キリコがタオルを首に巻いた。……この野郎。

俺は完璧に草を刈った。慣れてきたら芝の高さをほぼ2cmに揃えることができた。しかし、奴の庭はこんなにも広かったのか。まだ半分しか終わっていない。くそ。意地で徹底的に芝を刈り続けていると、だんだん腰が痛んできた。休憩だ。休憩。家の裏に回り、テラスのように使われている縁側に向かう。縁側は以前は所狭しと植物の鉢が置かれていたのだが、今は全てなくなっている。縁を水拭きしているキリコに「一服しようぜ。」と声をかけた。

あいつは顔を上げ、俺の姿を見て、また笑った。俺の正装を忘れるとはふてえ野郎だ。

地下足袋を脱ぐのが面倒で、縁に腰掛けてキリコの入れてくれた茶を飲む。緑茶の香りが草と俺の汗のにおいと混ざる。しかし嫌な匂いではない。労働の匂いとでも言うのだろうか。

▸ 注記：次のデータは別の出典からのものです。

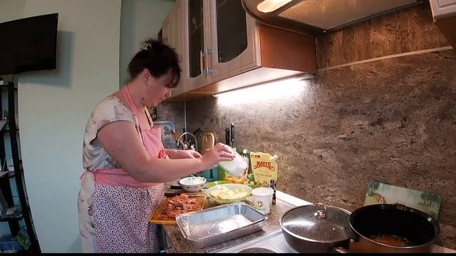 В гостях у Анжелины. Готовим мальму в духовке с картофелем. Посиделки на кухне.
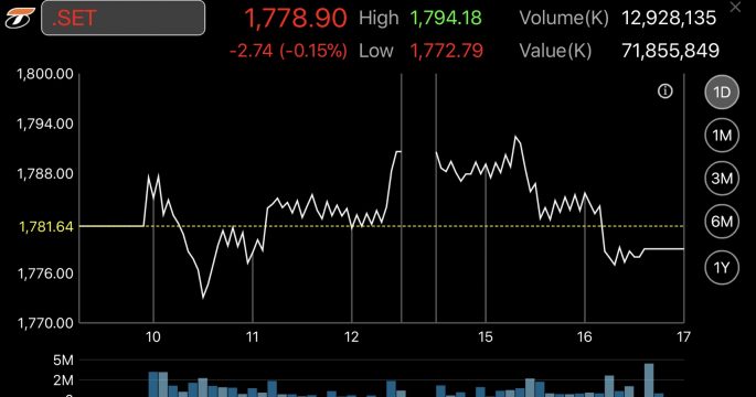 ดัชนีหุ้นไทยปิดทำการที่ระดับ 1,775.37 จุด ลดลง 3.53 จุด หรือ -0.20% มีมูลค่าการซื้อขาย 72,472.23 ล้านบาท
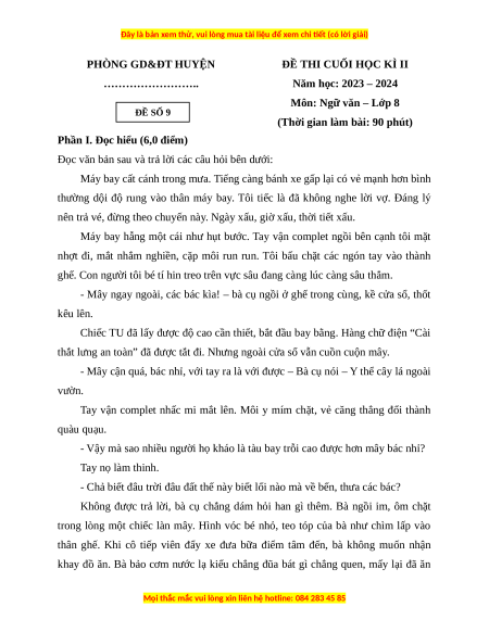 Môn: Ngữ văn – Lớp 8 ĐỀ SỐ 9

キリコを見ると膝が煤け、指先が黒ずんでいる。家の中をくまなく拭いて回っているようだ。結い上げた髪にホコリが付いていると教えてやると、うまく見つけられないのか全然違うところを触っている。見かねてホコリを取ってやると、キリコの体からも労働の匂いがした。

風が吹く。

汗をかいた肌に心地よい。

一服着く。

奴も吸う。

働いた体にヤニがよくまわる。

いい気分だ。

理由など探すまい。

「休憩終わり。さて、続きだ。」

「お前さん、人使いが荒すぎやしないか。」

「報酬は用意してある。」

「何だ。」

「虎屋の季節限定の羊羹。」

「超厚切りだぞ。」

「わかった。わかった。」

俺はまた草刈に戻る。春先だから、きっとまたすぐに刈らなくちゃいけなくなるだろうけど。マスターしたんだ。いつでも刈れるぞ。

なんでもない春の日。

門の鉄格子をそっと外して捨てたのは秘密だ。